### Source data
╭──
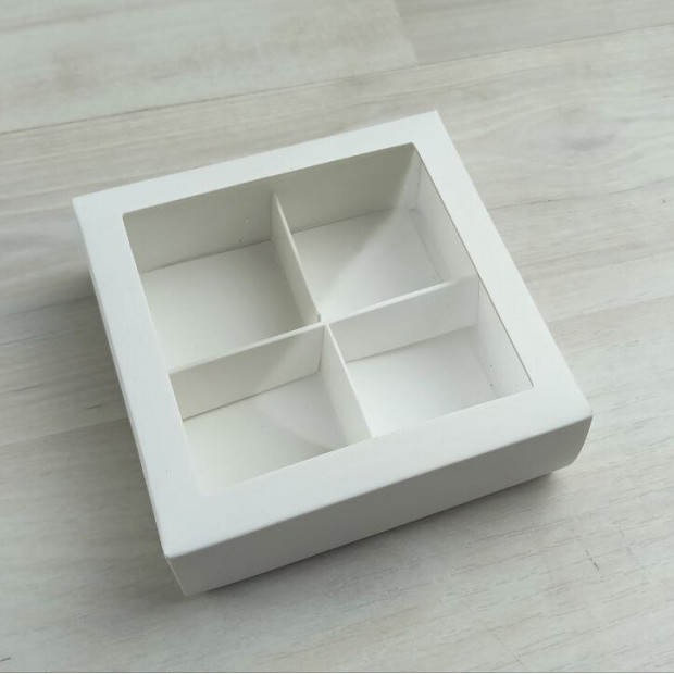 Коробка на 4 конфеты из мелованного картона.
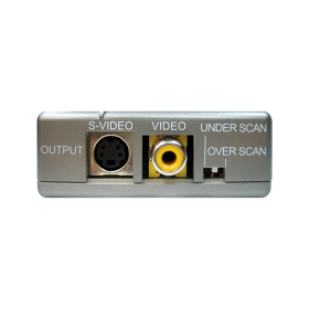 The PC to Video scan converter box is designed to convert a variety of analog computer images, from VGA to WUXGA, to interlaced NTSC or PAL video. With frame rate conversion and Overscan / Underscan features that allows users to view PC source on the Composite and S-Video monitor without image cutting off.
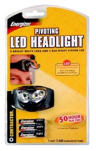 Lightweight, versatile and comfortable, the Energizer 3-LED Headlight is perfect for work that requires both hands. It puts light where you are looking with its tilt adjustment. Variable light sources allow you to choose the best illumination for the job; white spot or night-vision red, without changing lights. Also, this light mounts securely and can be comfortably worn around the head for long periods of time due to the adjustable, flexible head strap.
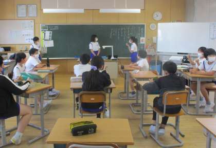 宿泊学習に向けて、キャンプファイヤーの出し物について話し合いました。学年目標の「糸支(つながり)」を意識しながら、全員参加できる出し物は何かを学級ごとに考えていました。
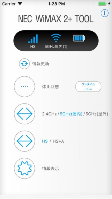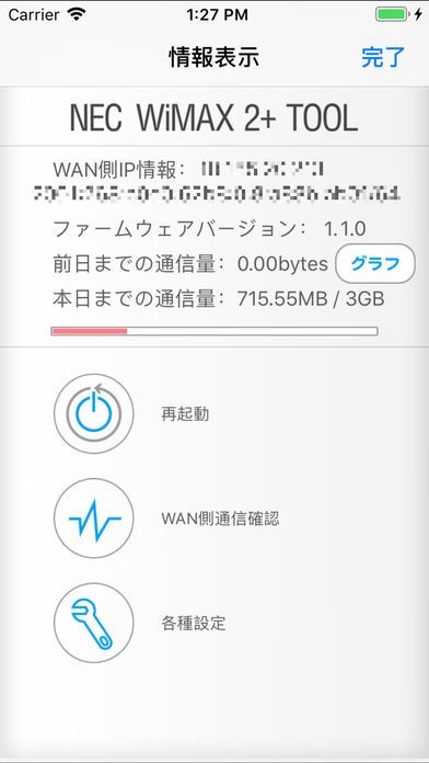 スマートフォンからファームウェアの更新や休止状態への移行、データ通信量の確認などを画面操作で行えるので便利です。
╰──
### Your assignment
Line by line, retype the records above exactly, minus the images.

### Answer area
 Коробка на 4 конфеты из мелованного картона.
 The PC to Video scan converter box is designed to convert a variety of analog computer images, from VGA to WUXGA, to interlaced NTSC or PAL video. With frame rate conversion and Overscan / Underscan features that allows users to view PC source on the Composite and S-Video monitor without image cutting off.
 Lightweight, versatile and comfortable, the Energizer 3-LED Headlight is perfect for work that requires both hands. It puts light where you are looking with its tilt adjustment. Variable light sources allow you to choose the best illumination for the job; white spot or night-vision red, without changing lights. Also, this light mounts securely and can be comfortably worn around the head for long periods of time due to the adjustable, flexible head strap.
 宿泊学習に向けて、キャンプファイヤーの出し物について話し合いました。学年目標の「糸支(つながり)」を意識しながら、全員参加できる出し物は何かを学級ごとに考えていました。
 スマートフォンからファームウェアの更新や休止状態への移行、データ通信量の確認などを画面操作で行えるので便利です。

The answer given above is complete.